Iran’s foreign minister reaffirmed last week his country’s right to execute people for homosexual behavior.
Mohammad Javad Zarif defended the practice of killing gay people by saying that “these are moral principles concerning the behavior of people in general,” in an interview with German magazine Bild.
After the comments became public, the Jerusalem Post contacted U.S. ambassador to Germany Richard Grenell, who said that such behavior from Iran “[violates] basic UN principles. UN members should agree with the Declaration in order to be members. Criminalizing homosexuality violates the Declaration, plain and simple.”
Iran is not the only country to prosecute homosexuality, which is punishable by death in 11 other countries: Yemen, Brunei, Mauritania, Nigeria, Qatar, Saudi Arabia, Afghanistan, Somalia, Sudan, United Arab Emirates, and Pakistan.
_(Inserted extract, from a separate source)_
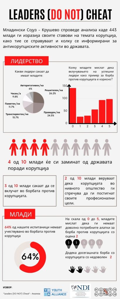 Корупцијата е главна причина за иселување на младите. Четворица од десет млади изјавиле дека ќе ја напуштат државата поради степенот на корупција, додека секоја трета млада личност изјавила дека токму корупцијата е главна мотивација да се приклучи и да придонесе во борбата против коруптивните дејства. Само четири отсто, пак, рекле дека ваквата состојба ги тера да станат дел од синџирот на корупцијата.

Homosexuality is illegal according to Iran and punishable as long as the participants “are mature, of sound mind, and have acted of free will.” According to a Wikileaks article in 2008 Iran had killed around 4,000-6,000 gays from the Iranian Revolution in 1979 up to that point. Iran hanged a 19-year-old boy in 2016 after he was convicted of forced sodomy a year earlier. He had not been given access to a lawyer.